Task statement:
The answer must consist solely of the lines from the one containing "Зелена стіна додає" through the last line of the records below, repeated exactly, with all pictures omitted.

··· Dataset content ···

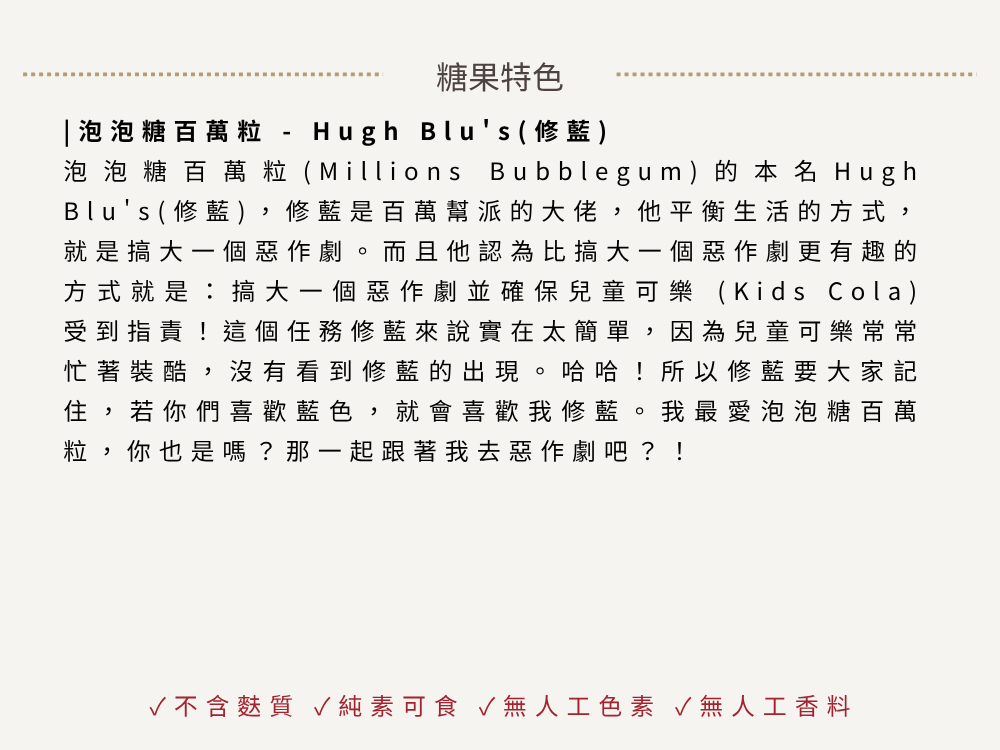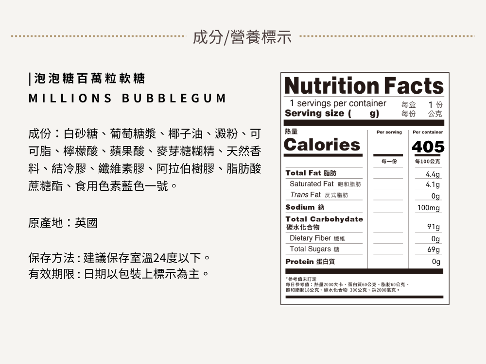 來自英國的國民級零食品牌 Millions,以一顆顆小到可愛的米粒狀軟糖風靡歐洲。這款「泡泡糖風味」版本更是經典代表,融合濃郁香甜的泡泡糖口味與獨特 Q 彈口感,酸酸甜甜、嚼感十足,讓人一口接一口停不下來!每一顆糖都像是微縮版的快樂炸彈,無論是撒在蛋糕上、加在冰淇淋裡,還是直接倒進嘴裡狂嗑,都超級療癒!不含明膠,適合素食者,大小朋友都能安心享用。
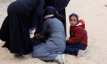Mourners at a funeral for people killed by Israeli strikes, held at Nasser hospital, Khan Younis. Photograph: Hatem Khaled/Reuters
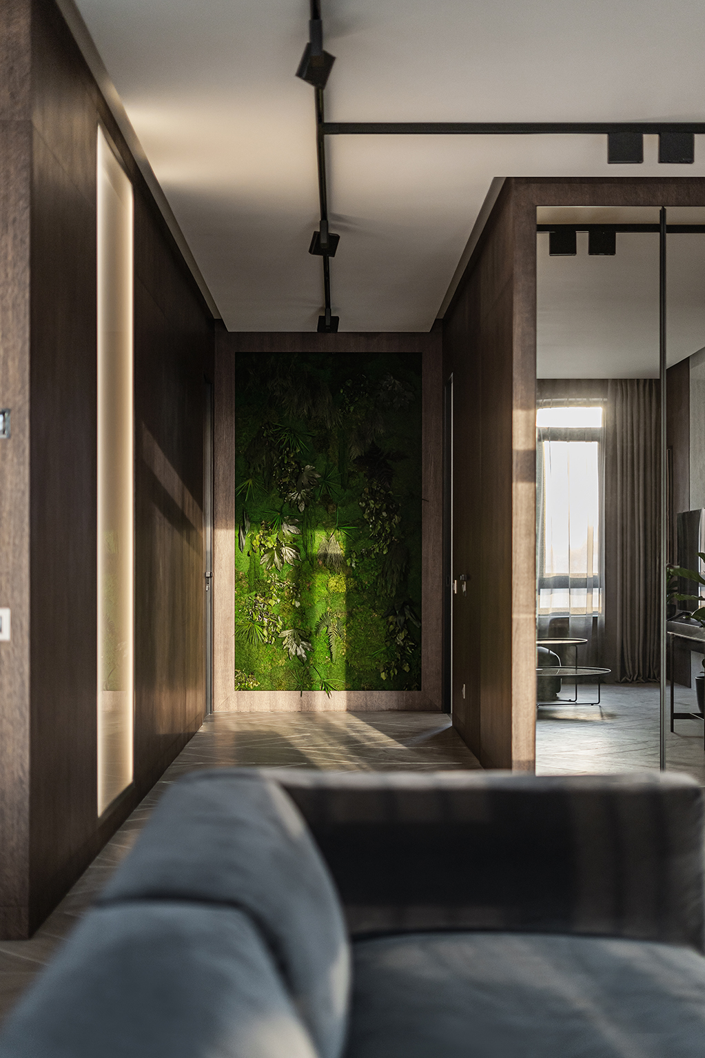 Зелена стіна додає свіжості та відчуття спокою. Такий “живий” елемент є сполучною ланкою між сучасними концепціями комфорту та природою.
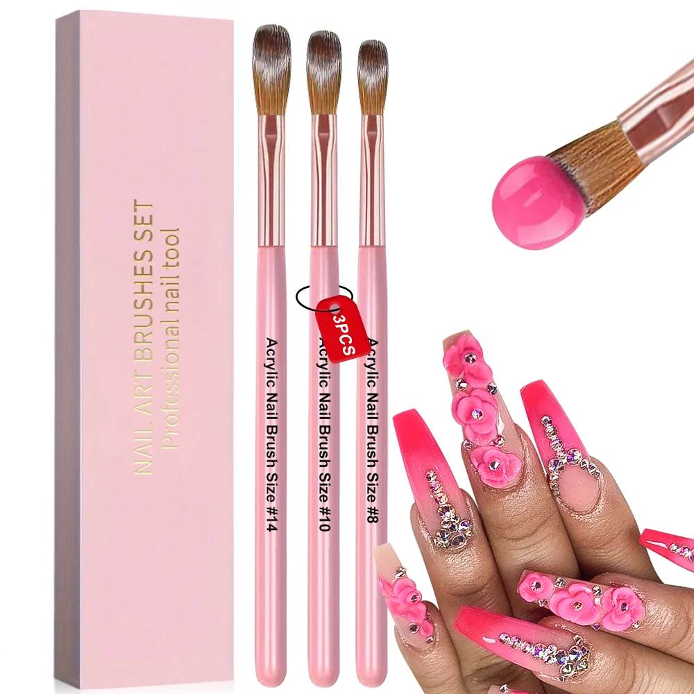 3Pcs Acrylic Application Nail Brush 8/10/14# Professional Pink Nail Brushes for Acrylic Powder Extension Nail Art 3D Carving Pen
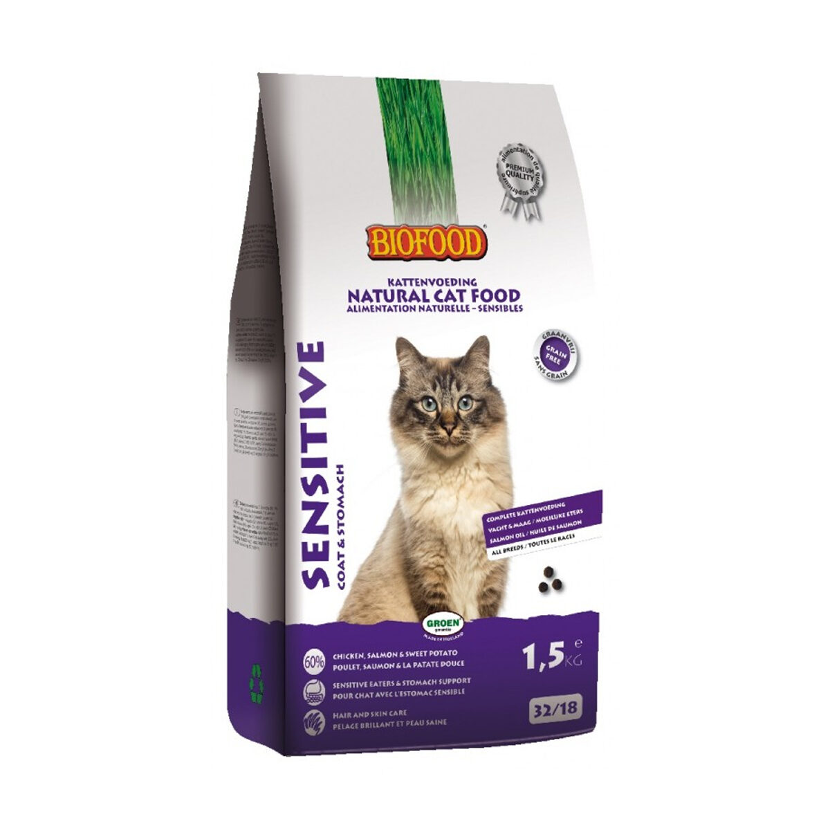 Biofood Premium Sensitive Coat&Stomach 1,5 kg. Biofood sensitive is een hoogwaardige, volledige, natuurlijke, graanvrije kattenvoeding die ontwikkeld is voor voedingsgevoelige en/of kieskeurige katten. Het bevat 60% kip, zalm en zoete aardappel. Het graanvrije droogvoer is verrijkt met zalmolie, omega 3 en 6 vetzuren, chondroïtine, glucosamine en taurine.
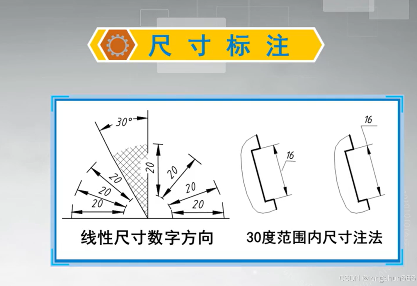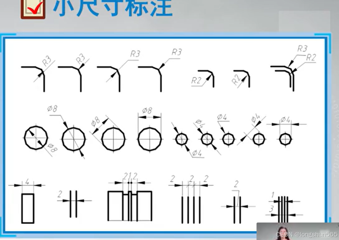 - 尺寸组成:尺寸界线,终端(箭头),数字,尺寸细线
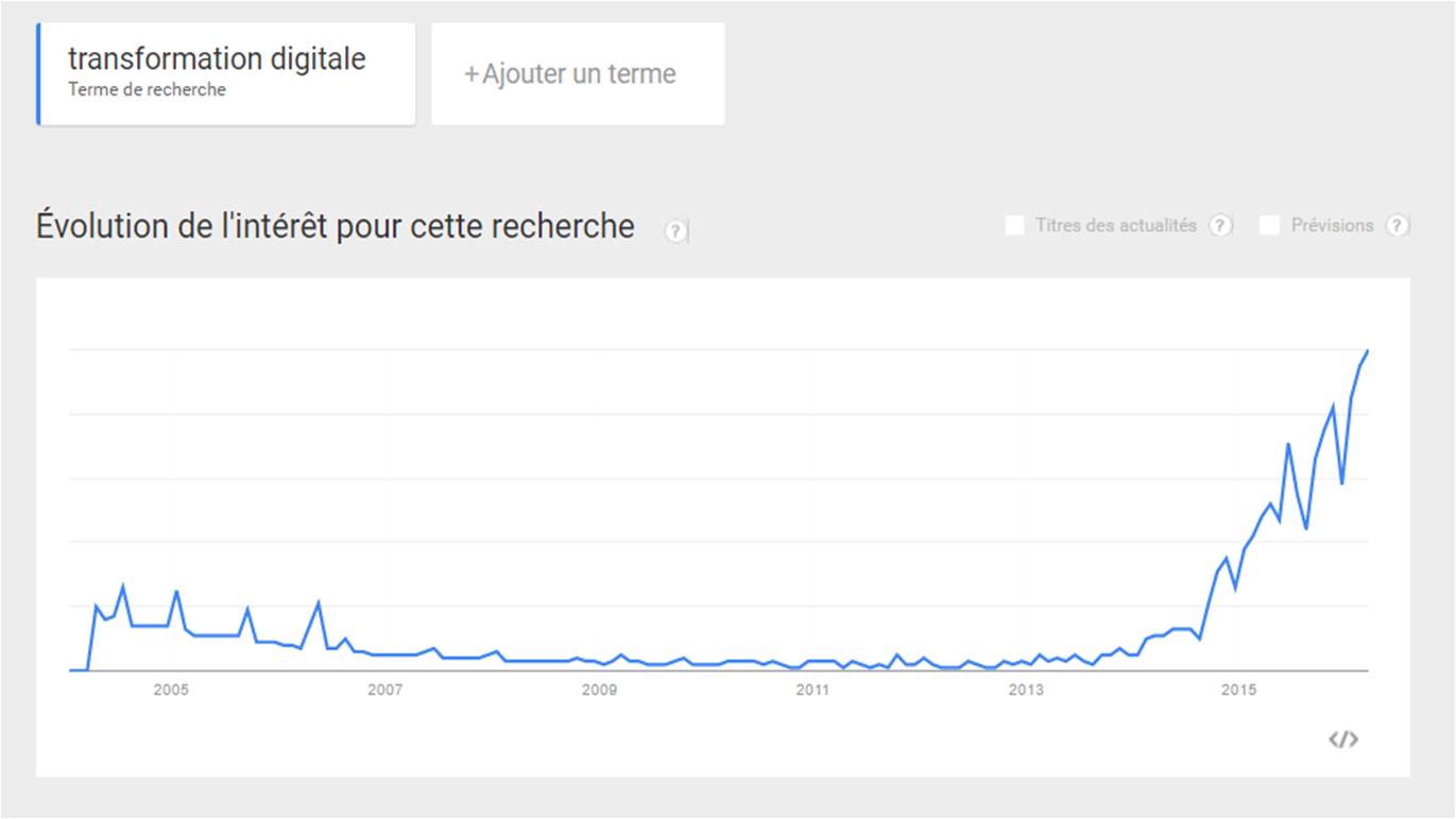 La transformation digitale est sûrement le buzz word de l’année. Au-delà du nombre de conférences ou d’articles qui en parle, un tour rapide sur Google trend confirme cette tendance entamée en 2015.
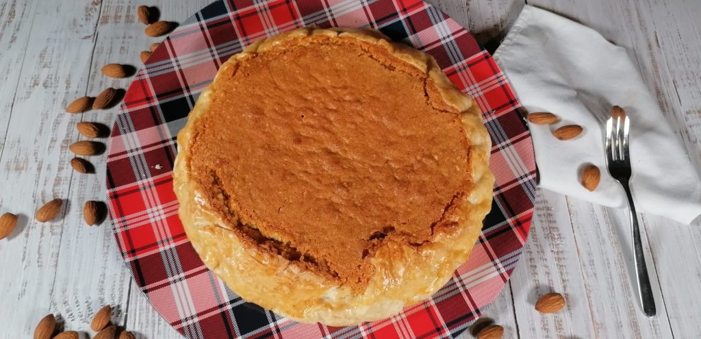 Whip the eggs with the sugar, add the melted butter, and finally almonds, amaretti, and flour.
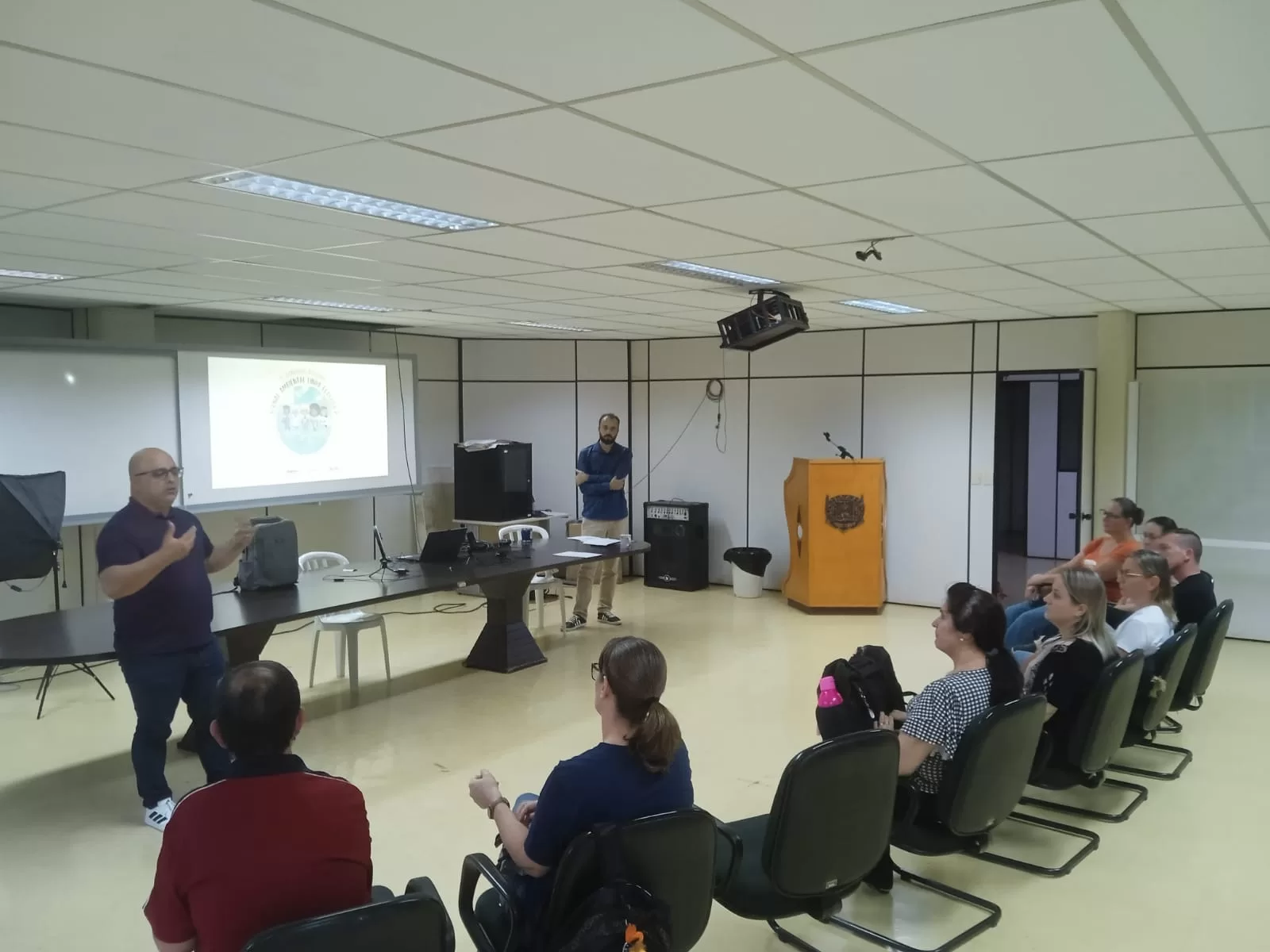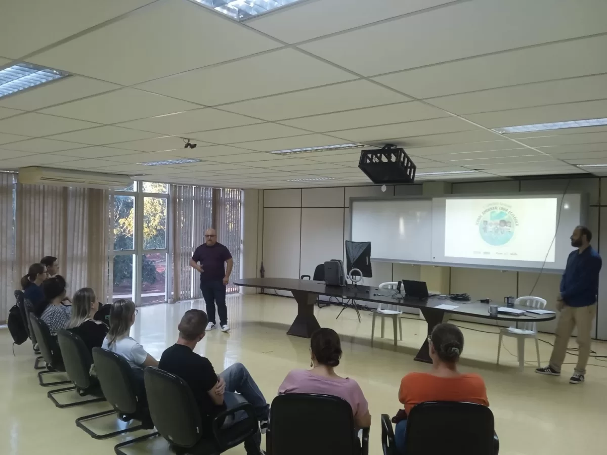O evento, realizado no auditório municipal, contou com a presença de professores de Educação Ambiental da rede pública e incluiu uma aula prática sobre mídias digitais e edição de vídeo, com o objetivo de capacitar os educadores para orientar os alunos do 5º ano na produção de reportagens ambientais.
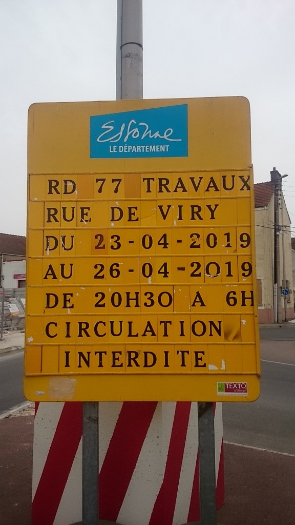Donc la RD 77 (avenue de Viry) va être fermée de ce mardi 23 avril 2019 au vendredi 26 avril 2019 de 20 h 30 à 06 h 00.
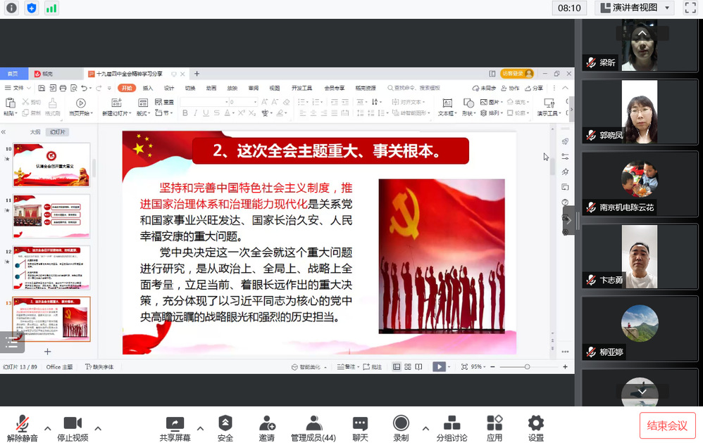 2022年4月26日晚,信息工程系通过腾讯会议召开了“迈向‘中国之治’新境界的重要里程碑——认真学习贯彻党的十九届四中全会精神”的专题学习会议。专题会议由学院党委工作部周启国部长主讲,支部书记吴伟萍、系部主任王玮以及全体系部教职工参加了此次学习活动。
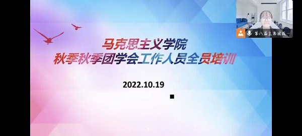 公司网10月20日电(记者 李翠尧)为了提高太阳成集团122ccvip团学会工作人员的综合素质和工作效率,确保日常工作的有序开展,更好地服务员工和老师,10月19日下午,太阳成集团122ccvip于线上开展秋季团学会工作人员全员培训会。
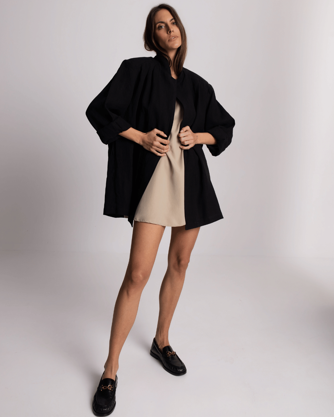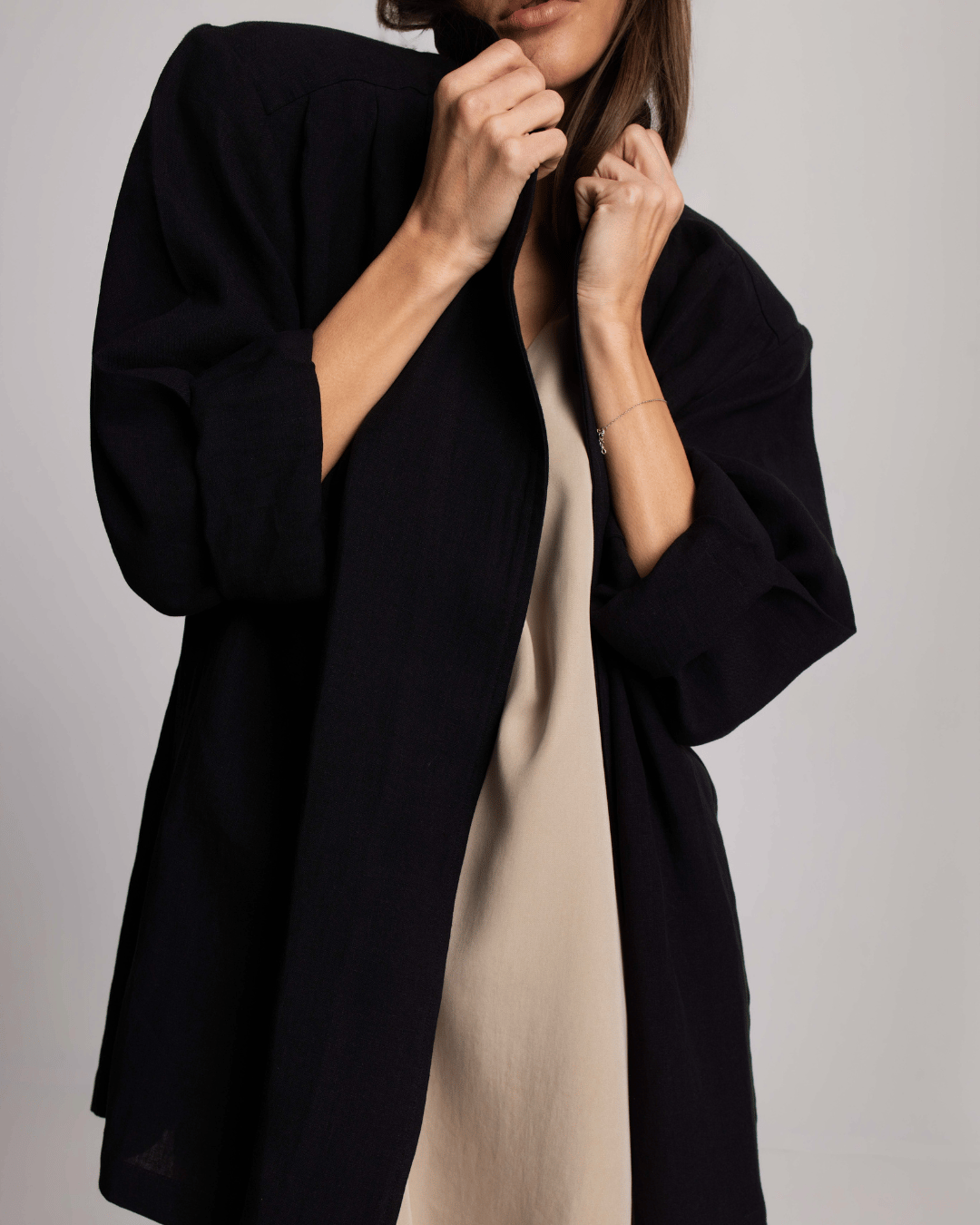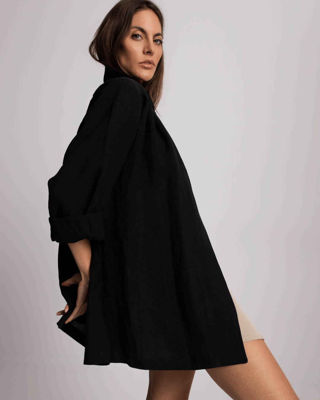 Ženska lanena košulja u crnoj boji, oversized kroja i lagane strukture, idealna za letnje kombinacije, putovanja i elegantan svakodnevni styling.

···

Finished task:
 Зелена стіна додає свіжості та відчуття спокою. Такий “живий” елемент є сполучною ланкою між сучасними концепціями комфорту та природою.
 3Pcs Acrylic Application Nail Brush 8/10/14# Professional Pink Nail Brushes for Acrylic Powder Extension Nail Art 3D Carving Pen
 Biofood Premium Sensitive Coat&Stomach 1,5 kg. Biofood sensitive is een hoogwaardige, volledige, natuurlijke, graanvrije kattenvoeding die ontwikkeld is voor voedingsgevoelige en/of kieskeurige katten. Het bevat 60% kip, zalm en zoete aardappel. Het graanvrije droogvoer is verrijkt met zalmolie, omega 3 en 6 vetzuren, chondroïtine, glucosamine en taurine.
 - 尺寸组成:尺寸界线,终端(箭头),数字,尺寸细线
 La transformation digitale est sûrement le buzz word de l’année. Au-delà du nombre de conférences ou d’articles qui en parle, un tour rapide sur Google trend confirme cette tendance entamée en 2015.
 Whip the eggs with the sugar, add the melted butter, and finally almonds, amaretti, and flour.
O evento, realizado no auditório municipal, contou com a presença de professores de Educação Ambiental da rede pública e incluiu uma aula prática sobre mídias digitais e edição de vídeo, com o objetivo de capacitar os educadores para orientar os alunos do 5º ano na produção de reportagens ambientais.
Donc la RD 77 (avenue de Viry) va être fermée de ce mardi 23 avril 2019 au vendredi 26 avril 2019 de 20 h 30 à 06 h 00.
 2022年4月26日晚,信息工程系通过腾讯会议召开了“迈向‘中国之治’新境界的重要里程碑——认真学习贯彻党的十九届四中全会精神”的专题学习会议。专题会议由学院党委工作部周启国部长主讲,支部书记吴伟萍、系部主任王玮以及全体系部教职工参加了此次学习活动。
 公司网10月20日电(记者 李翠尧)为了提高太阳成集团122ccvip团学会工作人员的综合素质和工作效率,确保日常工作的有序开展,更好地服务员工和老师,10月19日下午,太阳成集团122ccvip于线上开展秋季团学会工作人员全员培训会。
 Ženska lanena košulja u crnoj boji, oversized kroja i lagane strukture, idealna za letnje kombinacije, putovanja i elegantan svakodnevni styling.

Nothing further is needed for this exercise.